In the most recent case reported to ISMP, a young patient received 4,500 mg of fluorouracil IV within 2 hours of starting the infusion, which was supposed to infuse over 46 hours. The patient received the fluorouracil via a new CADD ambulatory infusion pump, which had been programmed incorrectly, delivering the full 2-day course over 2 hours.

To prevent similar errors with fluorouracil, ISMP provided these recommendations:

#1. Standardize how key information is displayed on pharmacy labels. Ensure that the information needed to program an infusion pump, such as total volume, concentration and hourly rate of infusion, is prominently displayed in a standard and consistent way on pharmacy labels, sequentially matching the information that the nurse needs to enter into the infusion pump fields, ISMP wrote. Eliminate extraneous information, such as “mL per 24 hours”, and communicate infusion rates as an hourly rate only.

#2Prescribers should order fluorouracil clearly in single daily doses (not course doses) with directions to infuse continuously over a specific number of days or hours.

#3Use pumps with safeguards. “Smart pumps for use in ambulatory care settings are available, and their use should be encouraged to maximize safety features such as dose alerts, dosing and flow rate limits, and operator feedback to allow detection of pump programming errors,” ISMP wrote. If possible, use only one type of ambulatory pump throughout the organization.

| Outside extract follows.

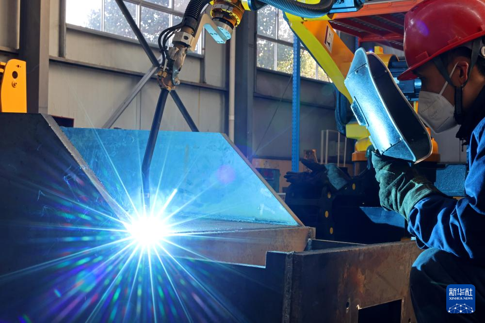 2月10日,在山东省枣庄市齐村镇一家工业制造企业,工人在查看机械臂的焊接情况。
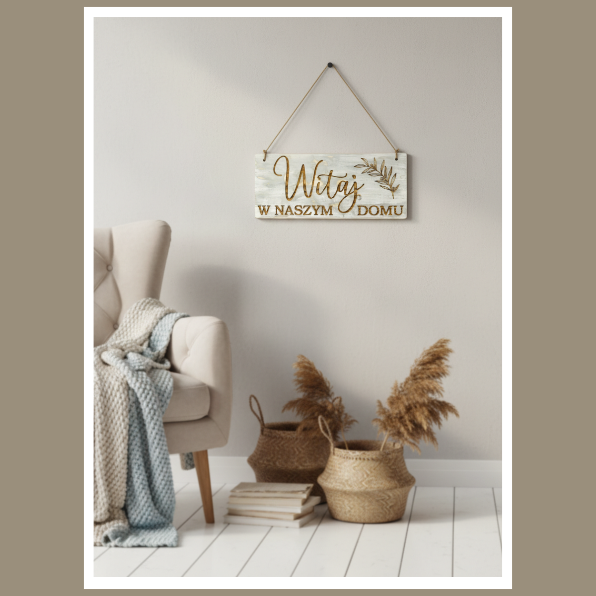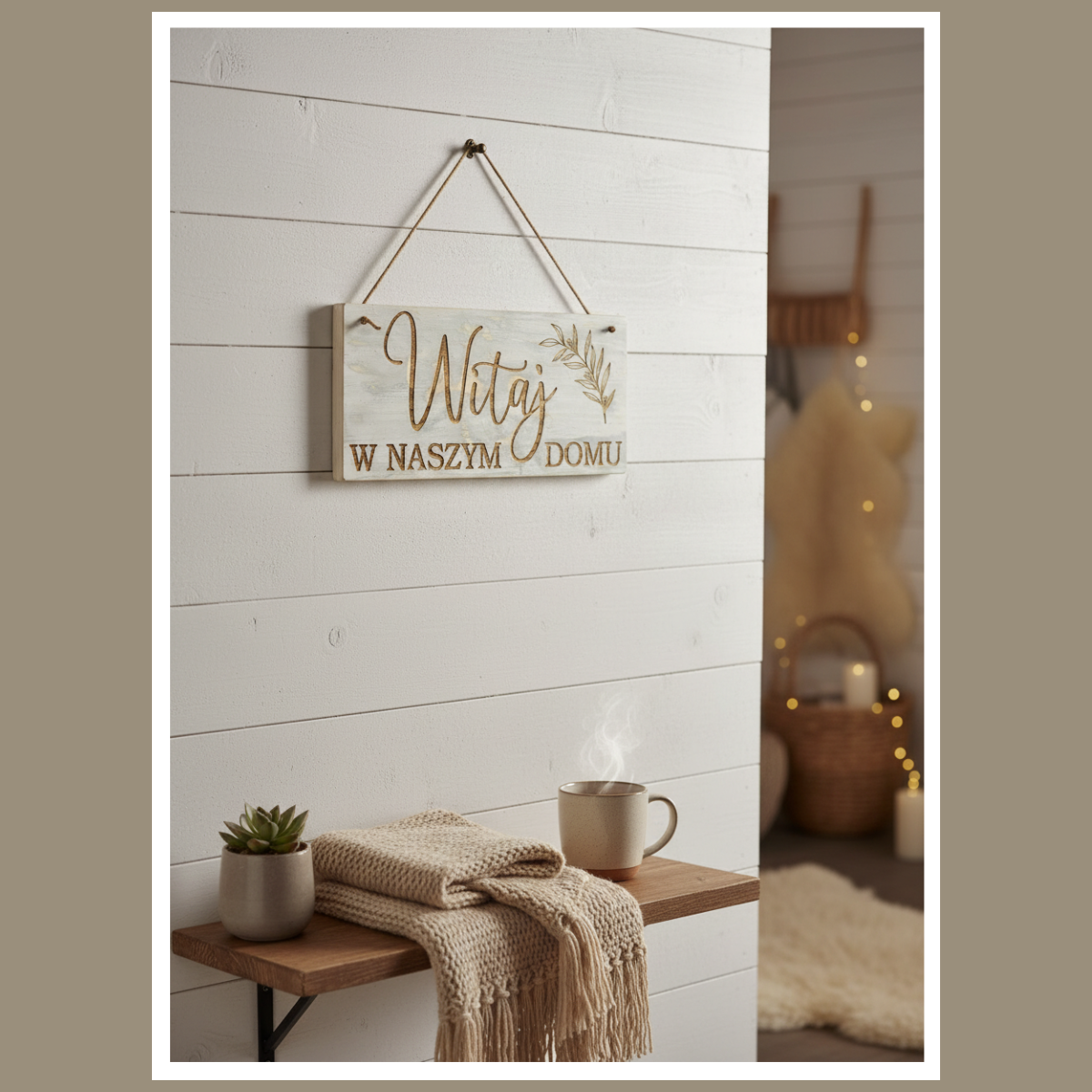 Szukasz dodatku, który od razu robi dobre pierwsze wrażenie? Drewniana tabliczka na drzwi „Witaj w naszym domu” to przytulna dekoracja wejściowa z grawerowanym napisem i delikatnym motywem roślinnym. Jest prosta, a jednocześnie efektowna, dlatego pasuje do wielu aranżacji. Co więcej, dostępna jest w dwóch wariantach: białym oraz w odcieniu starego drewna, dzięki czemu łatwo dopasujesz ją do stylu wnętrza.

#4. Review the processes by which certification is granted to prescribers, pharmacists, and nurses who order, dispense, and administer fluorouracil and other chemotherapy. Make any changes necessary to ensure that staff exhibit and maintain an appropriate level of skills, knowledge, and abilities before working independently.

#5. Provide education and validate competency. Educate staff to program and connect ambulatory infusion pumps and elastomeric pumps that are used at the facility.

#6. Enhance independent double checks“Promote critical thinking during the preparation and checking of all chemotherapy. Develop a structured process for conducting and documenting independent double checks, after preparation and prior to administering fluorouracil (and all chemotherapy agents),” ISMP wrote. Design checklists to facilitate compliance with all the steps necessary in the checking process. Establish how verification can be accomplished if only one practitioner is on duty, or if home care nurses provide care in the oncology clinic or in the home.